Where Confidence Starts to Crack
11. What Christmas carol was originally written for Thanksgiving?
This is one of my all-time favorites for a christmas trivia game. People narrow their eyes when they hear it.
Show Answer
“Jingle Bells.” Written by James Lord Pierpont in 1857, it was composed for a Thanksgiving Sunday school celebration. There’s nothing in the lyrics about Christmas at all if you actually read them.
12. What was Frosty the Snowman’s nose made of?
Everyone wants to say a carrot. Everyone.
Show Answer
A button. His nose was a button. The corncob pipe is what people remember as the distinguishing feature, but the carrot nose belongs to generic snowman lore, not Frosty specifically. This one starts arguments that last.
13. In the song “Santa Claus Is Coming to Town,” what two things does Santa check?
Simple question. Surprisingly tricky wording.
Show Answer
His list. He checks it twice. The question asks “what two things” and people try to come up with two different items. The answer is just one list, checked twice. I’ve watched tables overthink this into oblivion.
14. Which president was the first to put up a Christmas tree in the White House?
People guess Lincoln. People always guess Lincoln for any “first president to do a nice thing” question.
Show Answer
Franklin Pierce, in 1856. Some historians argue it was earlier, but Pierce gets the most widely accepted credit. The Lincoln guess is so common I’ve started awarding half a point for it just to keep people from giving up.
15. What flavor is a traditional candy cane?
Don’t overthink this one.
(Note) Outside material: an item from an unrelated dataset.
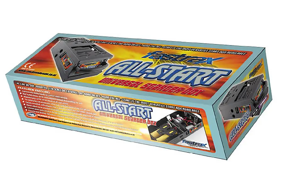 Hard wearing universal starter box. Compatible with in-line or side-mounted, 1/10th and 1/8th, on or off-road cars. The Fastrax Allstart is the most versatile starter box currently available.
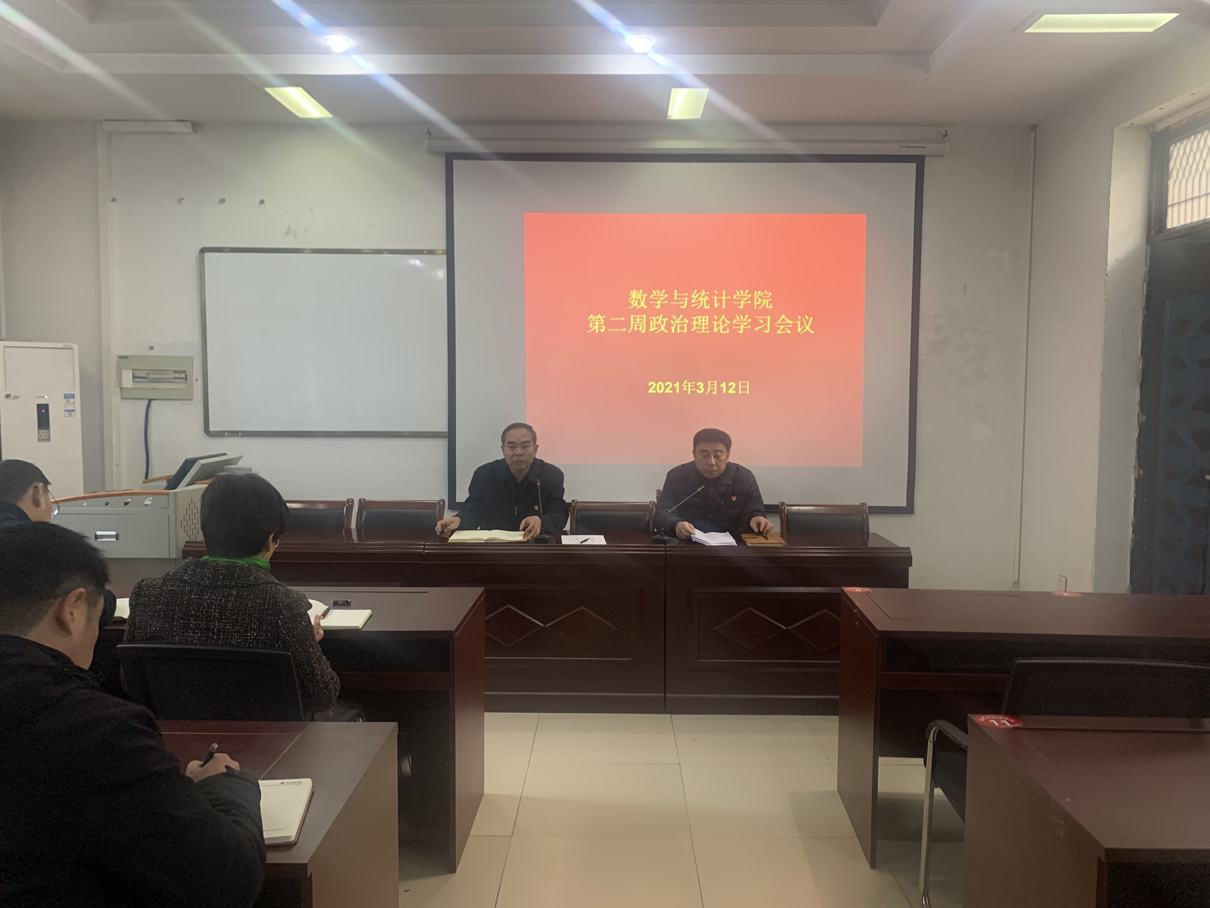 2021年3月12日,金年会jinnianhuicom在数学楼综合会议室召开第二周政治理论学习会议,学院领导班子、全体教职工参加此次会议,会议由院长梁洪亮主持。

But someone always does.
Show Answer
Peppermint. I include this as a palate cleanser after harder questions. Even so, I once had someone say “wintergreen” with full conviction and refuse to back down.
16. In A Christmas Story, what does Ralphie want for Christmas?
If you’ve ever watched TBS on Christmas Day, you know this in your bones.
Show Answer
A Red Ryder carbine-action 200-shot Range Model air rifle with a compass in the stock and “this thing which tells time.” Partial credit for “a BB gun,” but the full name is where the points live.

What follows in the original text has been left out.